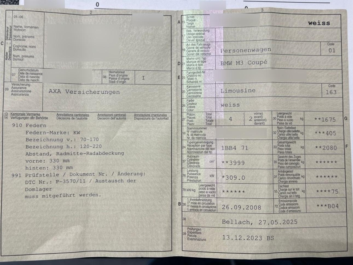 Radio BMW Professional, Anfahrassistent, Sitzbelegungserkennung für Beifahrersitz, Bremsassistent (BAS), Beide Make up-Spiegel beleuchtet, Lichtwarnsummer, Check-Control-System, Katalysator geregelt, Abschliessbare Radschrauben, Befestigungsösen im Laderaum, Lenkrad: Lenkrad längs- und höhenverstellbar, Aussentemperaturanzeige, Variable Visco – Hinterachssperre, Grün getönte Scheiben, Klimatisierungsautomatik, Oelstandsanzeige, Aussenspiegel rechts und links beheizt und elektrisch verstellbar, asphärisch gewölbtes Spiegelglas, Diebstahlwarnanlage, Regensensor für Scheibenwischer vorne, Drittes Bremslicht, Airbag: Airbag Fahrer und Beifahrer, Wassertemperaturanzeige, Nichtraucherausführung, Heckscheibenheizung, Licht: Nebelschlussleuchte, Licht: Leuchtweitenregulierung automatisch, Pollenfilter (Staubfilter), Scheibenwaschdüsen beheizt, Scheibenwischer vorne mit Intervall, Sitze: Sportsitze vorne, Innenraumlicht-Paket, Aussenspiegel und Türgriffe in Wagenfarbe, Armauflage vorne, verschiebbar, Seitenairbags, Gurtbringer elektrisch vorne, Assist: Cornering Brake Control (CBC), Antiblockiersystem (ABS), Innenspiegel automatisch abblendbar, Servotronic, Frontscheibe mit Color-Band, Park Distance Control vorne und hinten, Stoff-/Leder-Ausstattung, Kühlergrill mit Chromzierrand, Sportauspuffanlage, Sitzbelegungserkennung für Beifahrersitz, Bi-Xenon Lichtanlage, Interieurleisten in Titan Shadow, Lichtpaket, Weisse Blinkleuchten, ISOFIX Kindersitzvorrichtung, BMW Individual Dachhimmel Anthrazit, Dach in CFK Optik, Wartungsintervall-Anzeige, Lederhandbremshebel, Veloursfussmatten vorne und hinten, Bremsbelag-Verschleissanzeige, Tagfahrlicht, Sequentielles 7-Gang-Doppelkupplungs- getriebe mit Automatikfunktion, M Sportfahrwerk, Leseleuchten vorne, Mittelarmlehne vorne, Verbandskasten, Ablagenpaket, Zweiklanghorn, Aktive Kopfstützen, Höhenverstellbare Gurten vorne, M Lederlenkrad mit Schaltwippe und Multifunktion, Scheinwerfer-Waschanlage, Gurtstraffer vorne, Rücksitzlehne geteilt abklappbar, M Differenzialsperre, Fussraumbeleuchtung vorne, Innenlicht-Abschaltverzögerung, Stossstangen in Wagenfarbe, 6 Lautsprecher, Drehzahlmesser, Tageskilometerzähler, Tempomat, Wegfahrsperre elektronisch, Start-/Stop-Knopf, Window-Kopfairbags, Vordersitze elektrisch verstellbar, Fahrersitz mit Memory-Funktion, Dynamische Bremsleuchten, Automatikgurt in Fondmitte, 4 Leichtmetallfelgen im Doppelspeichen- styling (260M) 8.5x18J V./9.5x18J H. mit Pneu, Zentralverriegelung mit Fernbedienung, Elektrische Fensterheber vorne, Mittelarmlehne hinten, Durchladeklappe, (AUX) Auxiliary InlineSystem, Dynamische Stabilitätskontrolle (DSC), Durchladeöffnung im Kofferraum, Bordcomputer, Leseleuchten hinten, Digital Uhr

---

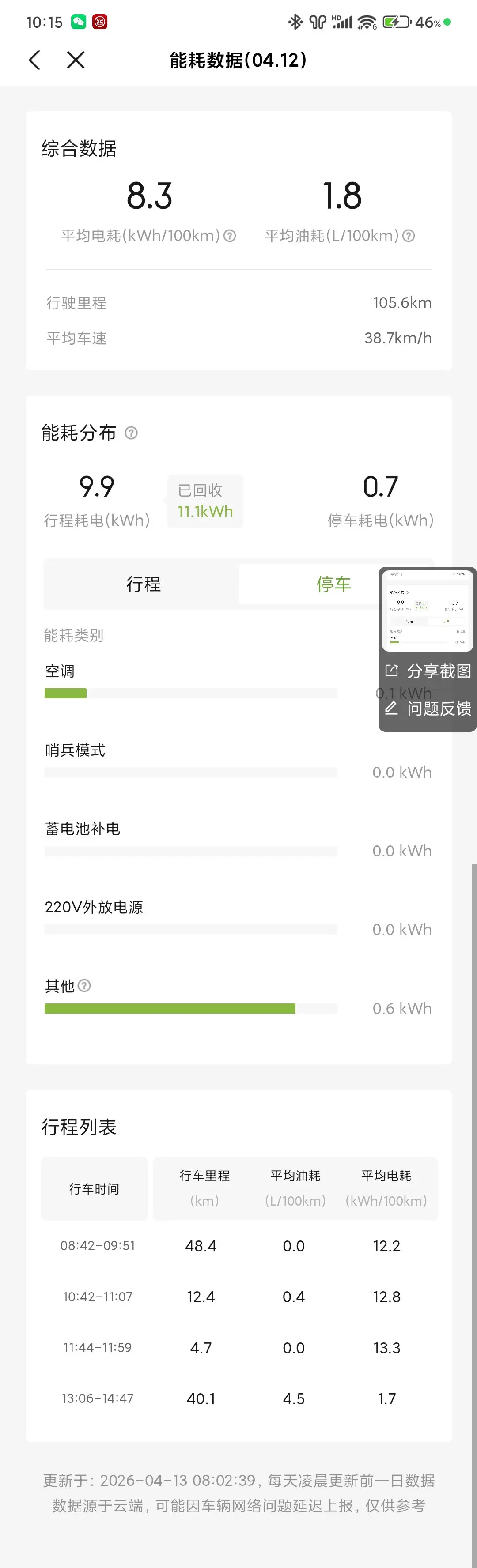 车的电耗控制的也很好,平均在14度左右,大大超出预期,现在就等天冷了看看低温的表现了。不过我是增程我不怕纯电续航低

---

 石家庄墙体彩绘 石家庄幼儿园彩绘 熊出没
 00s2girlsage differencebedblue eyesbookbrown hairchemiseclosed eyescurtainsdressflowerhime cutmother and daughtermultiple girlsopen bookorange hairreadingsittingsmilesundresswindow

> [WHAT YOU WILL DO]: As the answer, set down only the lines from the data above between the one holding "石家庄墙体彩绘 石家庄幼儿园彩绘 熊出没" and the one holding "00s2girlsage differencebedblue eyesbookbrown", inclusive, exactly as they read.

> [RESULT OF THIS TASK]:
 石家庄墙体彩绘 石家庄幼儿园彩绘 熊出没
 00s2girlsage differencebedblue eyesbookbrown hairchemiseclosed eyescurtainsdressflowerhime cutmother and daughtermultiple girlsopen bookorange hairreadingsittingsmilesundresswindow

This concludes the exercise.